(Data extracted from a collection)
◇ ◇ ◇

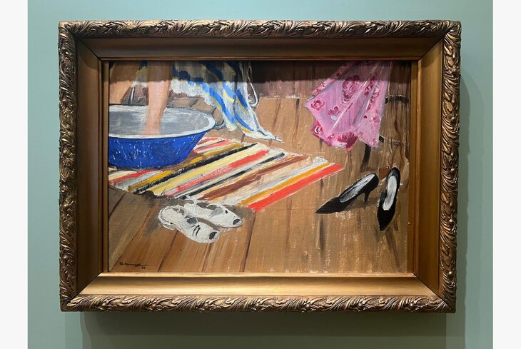 Произведения женщин-художниц встречаются на выставке исключительно в разделе «Новая Москва». Это работы последних 50 лет от датированного 1980 годом полотна Натальи Нестеровой «Метро» до написанной в 2016-м картины Ирины Марц «Утро. Птицы».
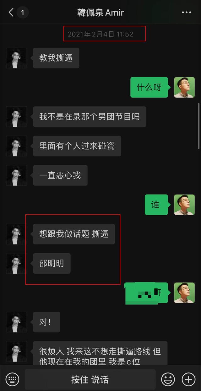 这个时候,韩佩泉的好朋友胡宾果为了帮他“打抱不平”,晒出了两人此前的聊天记录,记录中韩佩泉说邵明明想跟他做话题、碰瓷。
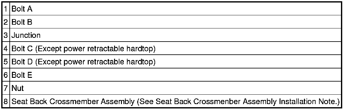 - If the seat back crossmember component is removed with the power retractable hardtop fully opened, it may contact the middle roof and damage the roof. Half open the power retractable hardtop before removing the seat back crossmember component.
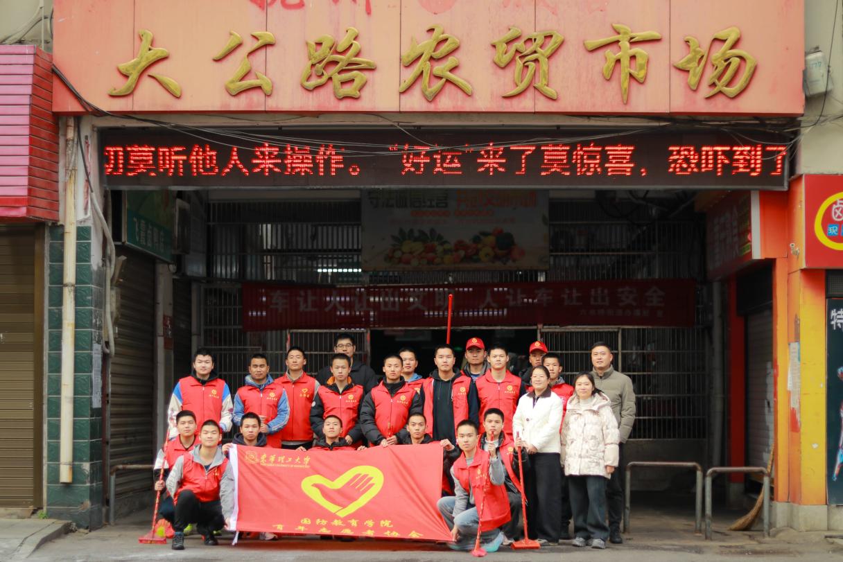 为弘扬志愿服务精神,践行青年社会担当,12月25日,国防教育学院联合二仙桥社区党群服务中心,组织20名师生代表前往大公路农贸市场开展志愿服务活动。
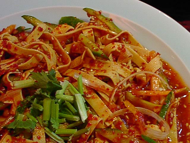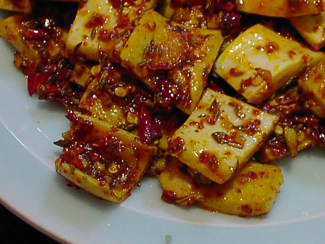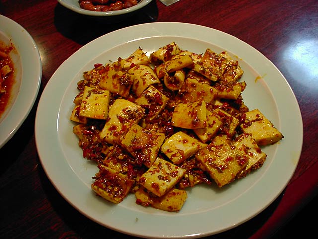 - 干し豆腐を酸っぱ辛甘いタレで合えた一品。メニューには他にも木耳、ズッキーニ、豚耳、ハチノス、イカなどを使った和え物があって、似た味付けになっていると思われます。この酸味と甘味の使い方や香菜を添えるあたり、どこか東南アジアの料理を思わせる味です。(め)
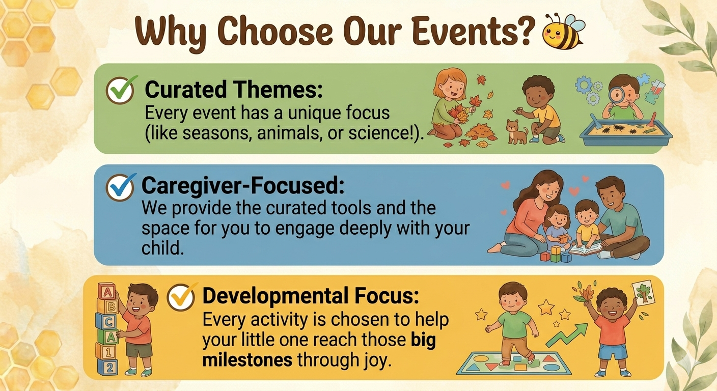 By prioritizing nature themes and a child-led approach, we provide an environment where social development happens naturally. Children learn to navigate their first friendships and build emotional confidence through shared discovery. At Honey Bee Hollow for Kids, we are dedicated to helping parents and children slow down and enjoy the simple, beautiful moments of childhood together.
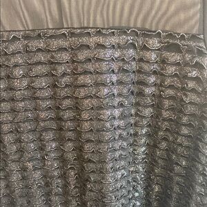 This black blouse features a graphic design with a boxy silhouette and 3/4 sleeves. The lightweight fabric offers a semi-transparent look, adding a touch of elegance. Its round neckline and textured front detail create a sophisticated and stylish appearance.

◇ ◇ ◇

# To do
Print the data above exactly; drop every picture.

# Result for this task
 Произведения женщин-художниц встречаются на выставке исключительно в разделе «Новая Москва». Это работы последних 50 лет от датированного 1980 годом полотна Натальи Нестеровой «Метро» до написанной в 2016-м картины Ирины Марц «Утро. Птицы».
 这个时候,韩佩泉的好朋友胡宾果为了帮他“打抱不平”,晒出了两人此前的聊天记录,记录中韩佩泉说邵明明想跟他做话题、碰瓷。
 - If the seat back crossmember component is removed with the power retractable hardtop fully opened, it may contact the middle roof and damage the roof. Half open the power retractable hardtop before removing the seat back crossmember component.
 为弘扬志愿服务精神,践行青年社会担当,12月25日,国防教育学院联合二仙桥社区党群服务中心,组织20名师生代表前往大公路农贸市场开展志愿服务活动。
 - 干し豆腐を酸っぱ辛甘いタレで合えた一品。メニューには他にも木耳、ズッキーニ、豚耳、ハチノス、イカなどを使った和え物があって、似た味付けになっていると思われます。この酸味と甘味の使い方や香菜を添えるあたり、どこか東南アジアの料理を思わせる味です。(め)
 By prioritizing nature themes and a child-led approach, we provide an environment where social development happens naturally. Children learn to navigate their first friendships and build emotional confidence through shared discovery. At Honey Bee Hollow for Kids, we are dedicated to helping parents and children slow down and enjoy the simple, beautiful moments of childhood together.
 This black blouse features a graphic design with a boxy silhouette and 3/4 sleeves. The lightweight fabric offers a semi-transparent look, adding a touch of elegance. Its round neckline and textured front detail create a sophisticated and stylish appearance.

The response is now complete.